La secrétaire m'indique une porte en ajoutant :

— Monsieur le directeur vous attend. Je vous souhaite une bonne fin de journée.

Je répète la formule de politesse en toquant doucement à la porte de bois clair. Une voix légèrement étouffée me répond « Entrez ! ». J'obéis et découvre aussitôt, face à moi, une magnifique sculpture que je reconnais aussitôt comme étant une réplique de l'Arch of Hysteria de la sculptrice Louise Bourgeois.

— Vous appréciez ? demande le directeur de la galerie en se levant de son bureau et en s'approchant.

— Énormément. C'est... il n'y a pas de mots pour décrire une telle beauté.

— C'est une réplique, bien sûr, déclare l'homme. L'original se trouve au Centre Pompidou, ici, à Paris. Mais cela n'empêche pas d'apprécier l'œuvre.

La sculpture, suspendue par un fin fil noir, représente le corps d'un homme arc-bouté, dont les mains touchent presque les pieds. Ses côtes sont saillantes et sa tête est absente. Mais ce qui m'ébahit le plus, c'est l'impression de chute et de lévitation mélangées qui se dégage de l'œuvre.

— Parlons affaires, voulez-vous ? demande le directeur de la galerie.

— Assurément.
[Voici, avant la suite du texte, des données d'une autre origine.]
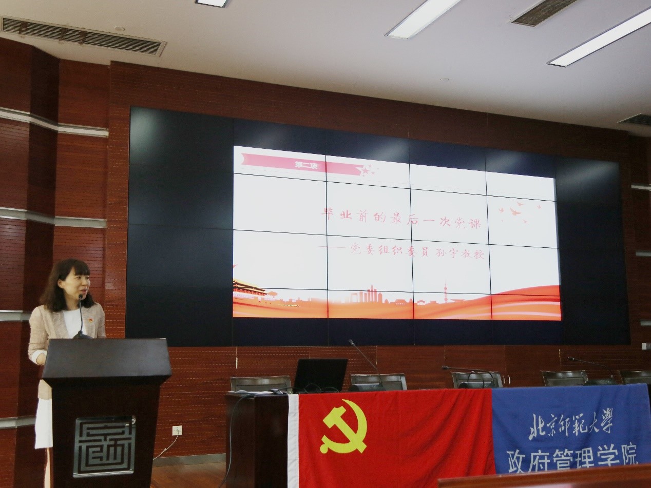 大会第二项,由党委组织委员孙宇教授为毕业生党员讲解了毕业前的最后一次党课。孙宇老师作为党员教师,对即将毕业的党员表达了感激之情,她认为毕业生党员在学期间坚持完成学业,用党员的标准要求自己,秉承校训,使政管的发展越来越好;孙老师教导毕业生党员要牢记使命,坚定信仰,她引用了黄文秀员工的话,指出大家的一举一动都关乎组织,希望每一位毕业生党员未来都是一面旗帜,接着带毕业生党员重温了党章第二条,告诉大家要坚定信仰,对着党旗许下的誓言决不能成为空话;孙老师教导毕业生党员要在竞争路上保持平常心,在烦躁的环境中耐住寂寞,在漫长的人生道路上恪守坚韧,举重若轻。最后,孙老师请全体毕业生党员牢记“为中国人民谋幸福,为中华民族谋复兴”是中国共产党人的初心和使命。

Je suis venue ici pour cela, après tout, je réponds en me détournant de l'œuvre d'art.

Je m'installe sur une chaise tandis que l'homme prend place derrière son bureau, sur lequel est inscrit son nom. Ashlan de Sélène.

— Madame Hélianthus, notre galerie aimerait signer un contrat avec vous. Notre juriste a réalisé un premier exemplaire, que voici, et j'aimerais votre avis quant à ses termes.
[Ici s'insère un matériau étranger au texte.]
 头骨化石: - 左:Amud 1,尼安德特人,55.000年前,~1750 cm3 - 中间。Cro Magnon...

Je lis le papier qu'il me tend. La paie n'est pas mal du tout, et les exigences, bien qu'élevées, sont raisonnables. Cependant, il manque un point essentiel pour moi.

— Tout est excellant, monsieur de Sélène, je déclare en reposant le contrat sur le bureau. Il y a tout de même une clause que je souhaiterais ajouter : une prime à la signature.

Fronçant légèrement les sourcils, il réfléchit quelques instants avant de me répondre.

— Je n'y vois pas de problème. Combien voulez-vous ?

— 40 000€.

— C'est beaucoup, sourit M. de Sélène. 30 000.

— 39 000.

— 33 000. Une belle somme, non ?

— 37 000. C'est ma dernière offre, je rétorque.

— Et pourquoi pas 34 000 ?

— Voyons, les commissions sur les ventes de mes tableaux compenseront rapidement l'écart. 37 000, ou rien.

C'est la somme qu'il me manque pour payer intégralement ma maison. J'ai besoin de cet argent.

— Marché conclu ? j'insite.

— Vous êtes dure en affaire, rit doucement le directeur de la galerie. J'accepte.

Je manque de défaillir de soulagement.

— Revenez demain à la même heure pour signer le contrat, ordonne-t-il.

— Je ne suis pas disponible à ce moment-là. Une heure plus tard, qu'en dites-vous ?

Il soupire avant d'accepter et de me congédier.